Let's now return to the Belarussian ice cream eaters (Gnarlykitty would want us to).
They were a flashmob, of course. Flashmobs started out as a critique of hipster culture. Bill Wasik, an editor at Harper's, started sending out messages (as "Bill from New York") to large groups, suggesting that they do things like make bird noises on a ledge in Central Park. He intended it as a kind of elaborate thumb in the eye of hipster conformism. Others caught on, perhaps omitting the irony, and did things like staging a silent rave in Victoria Station. The New York Times runs a smug story on how flashmobbers "have nothing better to do" with their time. And, as the cliché goes, once The New York Times has heard of a trend, it must be so over, right?
But then, suddenly, flashmobs found their true calling: On a blog in Belarus, someone proposes a flashmob. The plan is to get together in October Square—the preferred site for political action, and a place where concerted action is banned—and eat ice cream.
Black clad secret police appear and drag dairyphilic kids bodily out of the square. "The problem with a group eating ice cream wasn't the ice cream, it was the group," says Shirky. "Lukashenko, the leader of Belarus, is the last great Eastern European dictator [but] the Lukshenko government can't penetrate the conspiracy, right? The whole thing is being done on the web. And they can't stop the group from entering October Square because they're not a group when they enter October Square."
Photos went up online almost immediately. The thinking was that it's tough to be really consistently oppressive and brutal when the world is watching. (Shirky: "The bug in the system is that the West cares quite a bit less about Eastern European dictatorship than it used to.")
Twitter is another example of the ridiculous quickly turning to the sublime.
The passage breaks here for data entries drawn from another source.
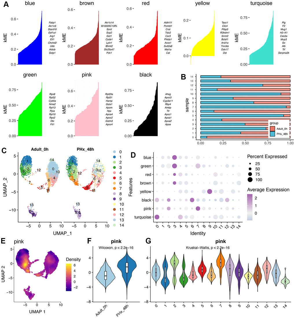HdWGCNA can be used to perform weighted gene co-expression network analysis (WGCNA) in high dimensional data such as single cell RNA-seq [12]. HdWGCNA could be utilized to construct co-expression networks in a cell type-specific manner, identifies robust modules of related genes, and provides the biological context for these modules. In this article, we used hdWGCNA to explore the function of hepatocytes after hepatectomy. And finally screening characteristic genes of a hepatocyte regeneration subgroup. The R package version of hdWGCNA used in this study is 0.1.1.9010.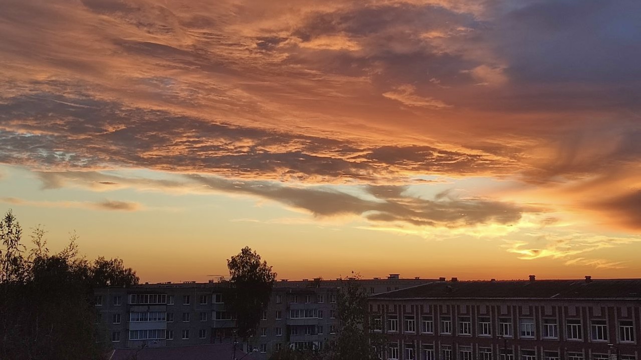 Облака окрасились в оранжевые, малиновые и фиолетовые цвета. Такой закат наблюдали владимирцы в воскресенье.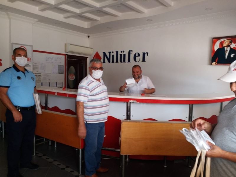 Antalya Büyükşehir Belediyesi, pandemi ile mücadele kapsamında Alanya Otogarı’nda faaliyet gösteren firma çalışanlarına ücretsiz maske dağıttı.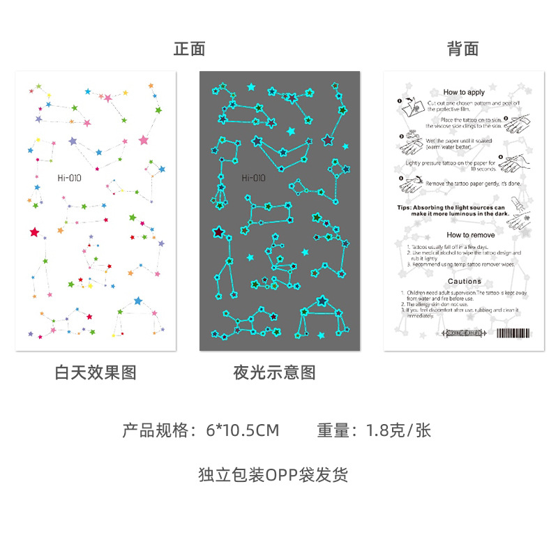 Cute Small Fresh Cyber Celebrity Luminous Tattoo Sticker ins Style Waterproof Women's Lasting Personality Creative Luminous Tattoo Sticker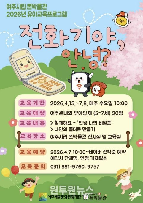 (원투원뉴스) 여주세종문화관광재단이 운영하는 여주시립 폰박물관은 유아들의 호기심과 탐구를 마음껏 펼칠 수 있는 체험형 프로그램 '전화기야, 안녕?'을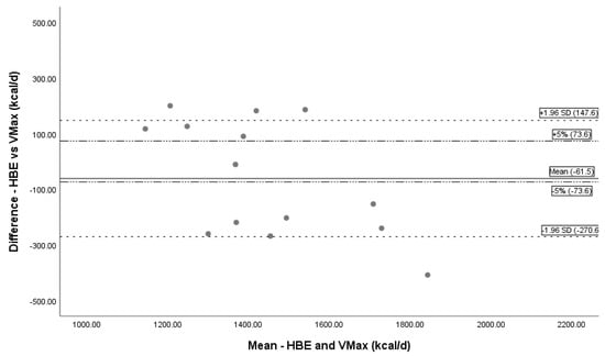 Bland–Altman Plot HBE and Vmax. Bland–Altman plot showing the mean bias and limits of agreement between Vmax and HBE. The solid line represents mean bias (−61.5 kcal/day), a systematic underprediction of REE by HBE. Dashed lines represent confidence intervals (± 1.96 SD). Dotted and dashed lines are a reference line for ±5% difference. Abbreviations: REE = resting energy expenditure; HBE = Harris Benedict equation, d = day.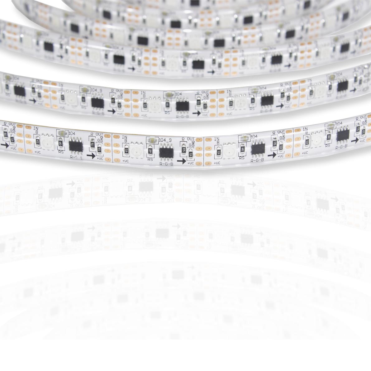 Светодиодная управляемая лента. Тип светодиода 5050, 30 светодиода на метр (150шт на 5 метров), угол свечения 120 градусов, цвет свечения RGB. Напряжение 12V, мощность 36W на 5 метров (7,2W на метр), размеры 10x2x5000мм. Класс защиты IP65. Катушка 5 метров. Кратность реза 1 светодиод (33,3мм).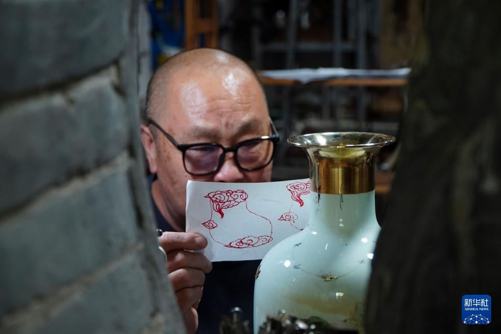 楊濤在工作室為破損的瓷器設計鋦瓷修復方案(5月8日攝)。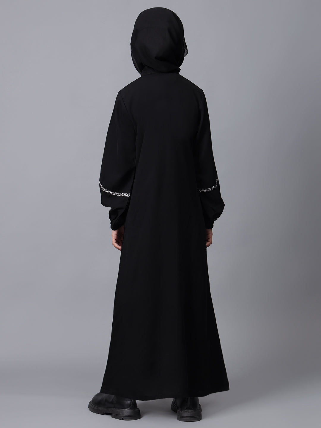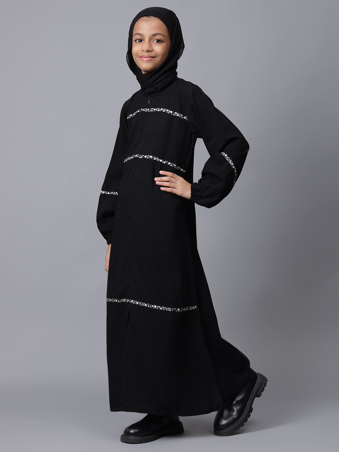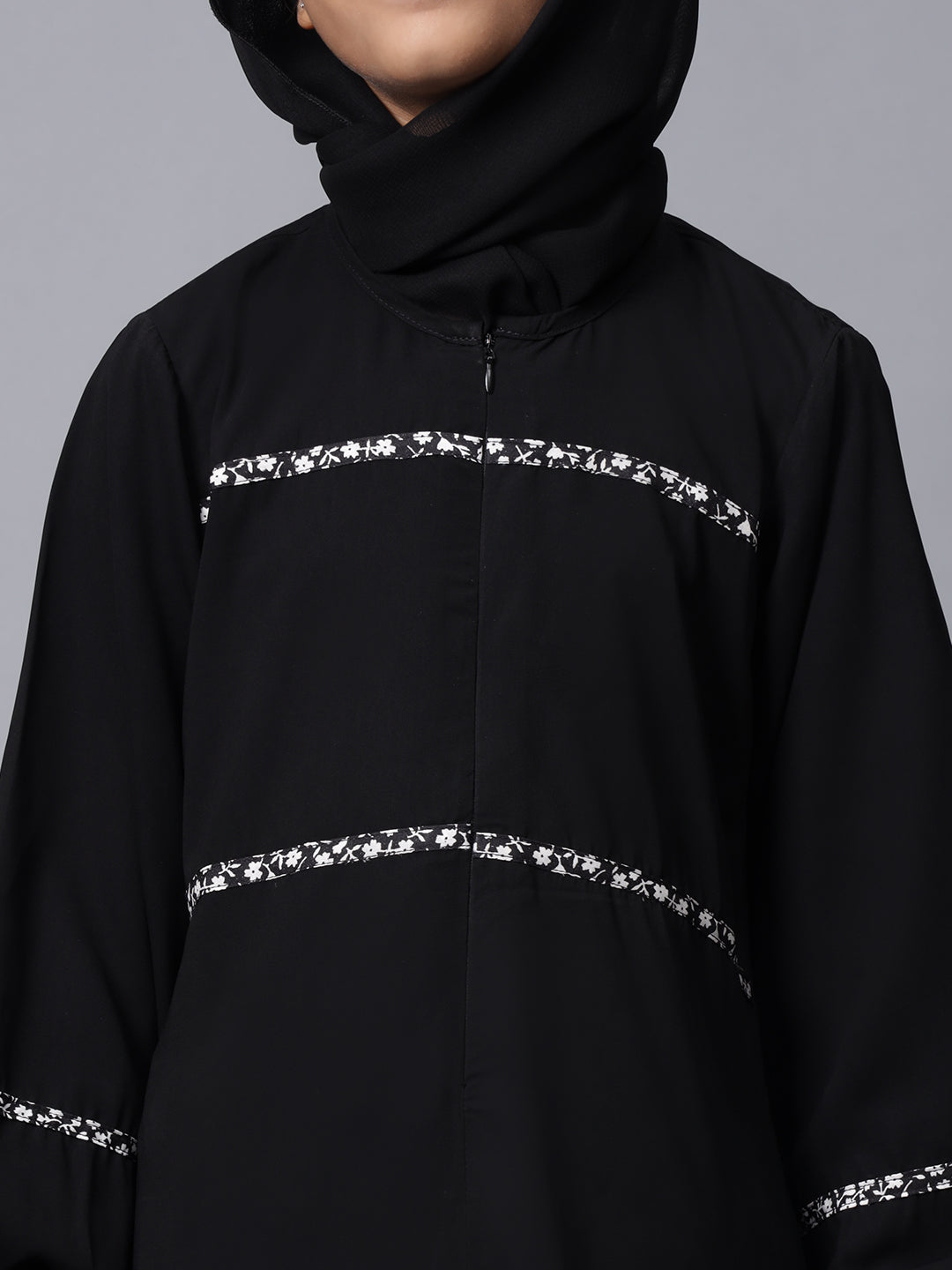 This black solid Abaya for Muslim girls features a half front opening with a convenient zip closure. Designed for modesty and comfort, it offers a sleek and modern look. The latest design ensures ease of wear while maintaining a stylish appearance, making it perfect for everyday modest fashion.

Morons who can't choose one bar and stay there on Friday nights want their friends to be able find them. Voila, a service that sends out badly spelled messages about your whereabouts to everyone you know. A few short months later, Egyptian democracy activists are using the same tool to organize and communicate below the radar and/or while in jail.
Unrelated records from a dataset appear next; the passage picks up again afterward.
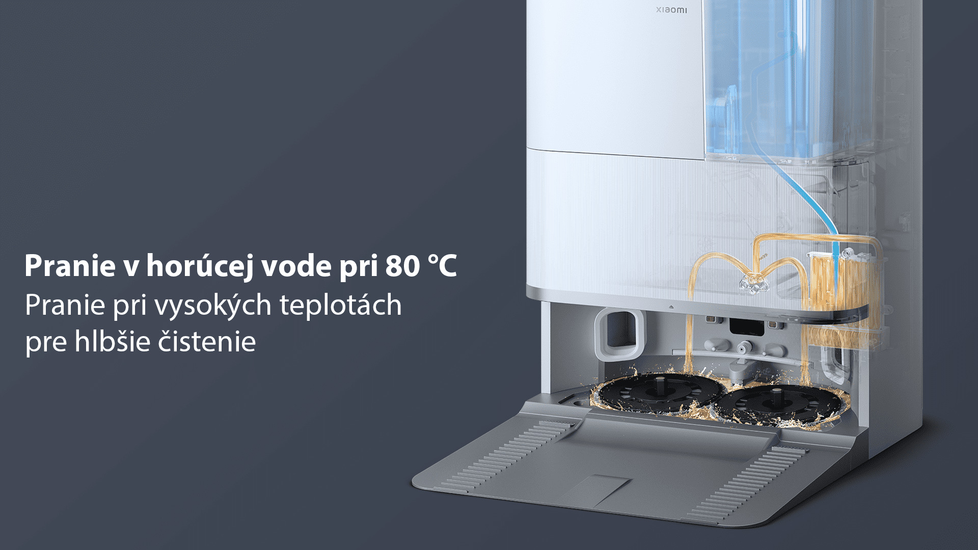 Vylepšená samočistiaca základňa teraz ponúka horúce pranie mopovacích podložiek pri teplote až do 80°C. V kombinácii s vysokorýchlostným odstredivým čistením mopov, odstraňuje nečistoty rýchlejšie a efektívnejšie. Po čistení mopy vyschnú už za 2 hodiny vďaka sušeniu horúcim vzduchom, čím sa znižuje potreba ručného prania alebo sušenia na slnku, ako aj riziko vzniku plesní a nepríjemného zápachu. Veľká 4-litrová nádoba na čistú vodu navyše znižuje potrebu častého dopĺňania, vďaka čomu je ideálna aj na čistenie veľkých domácností. Inteligentne rozpoznáva mieru znečistenia mopovacích podložiek a v prípade silného znečistenia ich automaticky opätovne umyje.
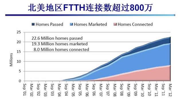 該數(shù)據(jù)來自市場分析公司RVA。該公司表示,自2011年4月以來,橫跨美國、加拿大、墨西哥和加勒比海地區(qū)的90萬戶家庭升級到FTTH服務(wù),使得北美地區(qū)全光纖連接家庭數(shù)大幅增長至超過800萬。數(shù)字表明,在這片大陸上,F(xiàn)TTH家庭覆蓋數(shù)達到2260萬。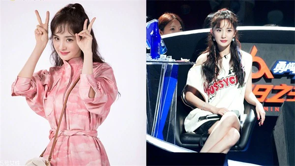 之前杨幂就尝试了超减龄的狗狗刘海,就是把原本的浏海加上交错内湾、外弯的卷,看起来有点凌乱,但这才是这个发型的精髓,也是所有浏海造型中最青春可爱的。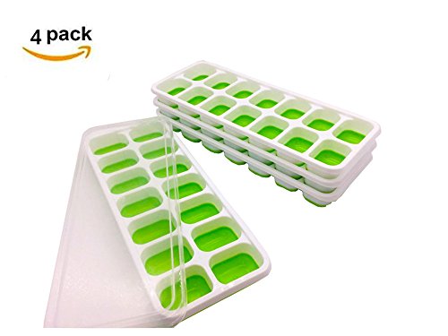 Ice Cube Trays with Lids,Easy-Release Silicone and Flexible 14-Ice Trays with Spill-Resistant Removable Lid,LFGB Certified & BPA Free(4 Pack,Green)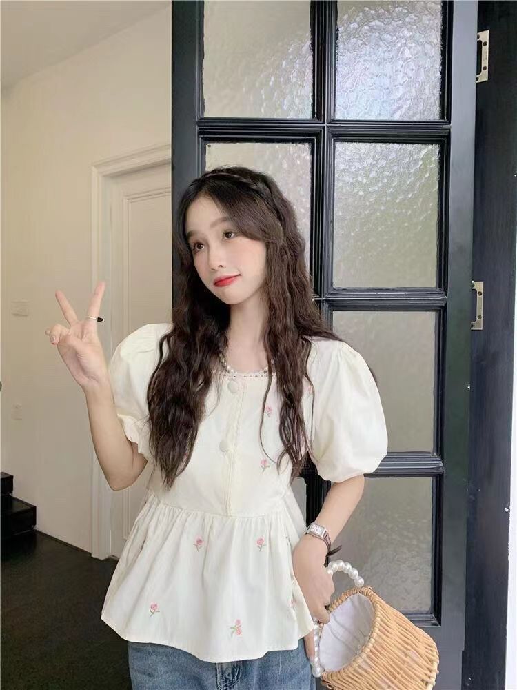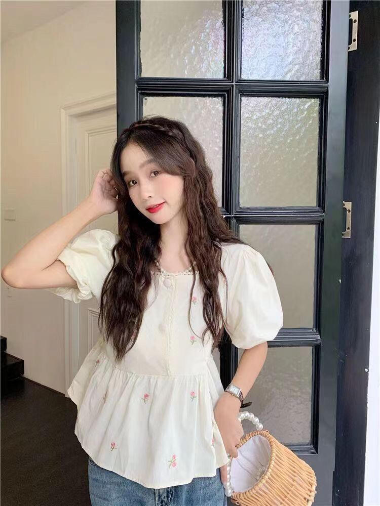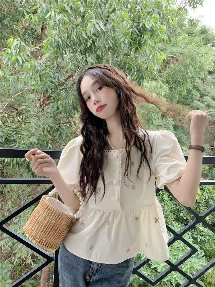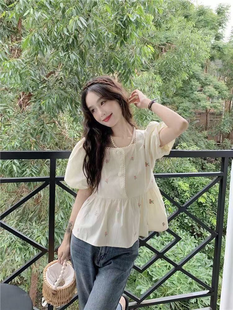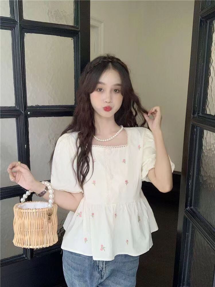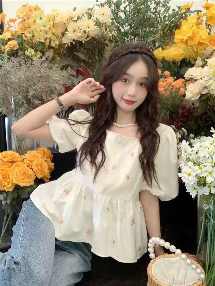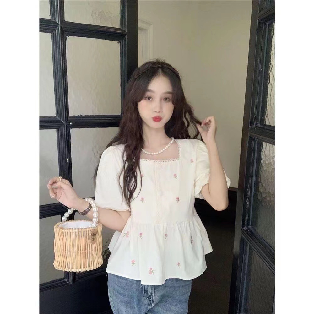 사각 넥라인과 퍼프 소매가 있는 플로럴 셔츠 2025 신상 달콤하고 세련된 루즈핏 반팔 여름 상의스토어 가기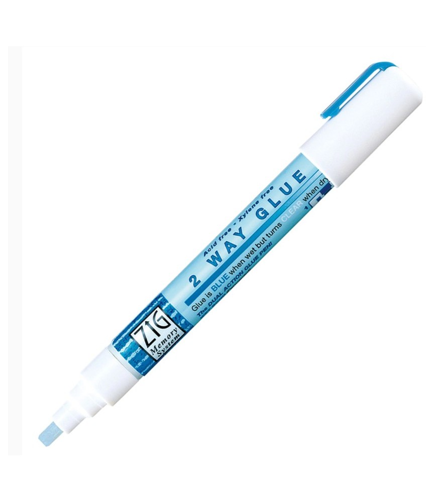 Klebestift 2-way Glue Pen fine Tip. Dieser Klebstift macht selbst das Aufkleben von kleinen gestanzten Motiven und Schriften kinderleicht. Mit der ca. 3 mm dicken Spitze ist sauberes Arbeiten kein Problem mehr. Nur wenig auftragen und warten bis der Leim sich klar verfärbt, danach klebt es "wiederablösbar", wie ein Post-It-Notizzettel.

From frivolous to political is well-documented, but where does the market fit in? Shirky mentions another collaborative project, a tool to coordinate teams of people to subtitle Japanese animation called Aegisub. "It ended up signaling the high demand for stuff that American distributors thought was too arcane," says Shirky. As official releases of anime other than Sailor Moon became more common, the Aegisub community decided to delete their bootleg versions.
Why did they start a group only to run themselves out of business? "It's not because of a commercial motivation. It's also not because of an anti-commercial motivation. These aren't people who are motivated by sticking it to The Man….They changed the world to be more like what they wanted and once it changed, they could stop."
It's that impulse—do what you want in order to get what you want and then go back to whatever you were doing—that Shirky ably captures in Here Comes Everybody. Things that seem trivial become tools for building crucially important, often ad hoc, collaborations. Social media erodes the divide between freedom of speech, freedom of the press, and freedom of assembly, and intertwining them makes all of them easier to defend.
Katherine Mangu-Ward is an associate editor for reason.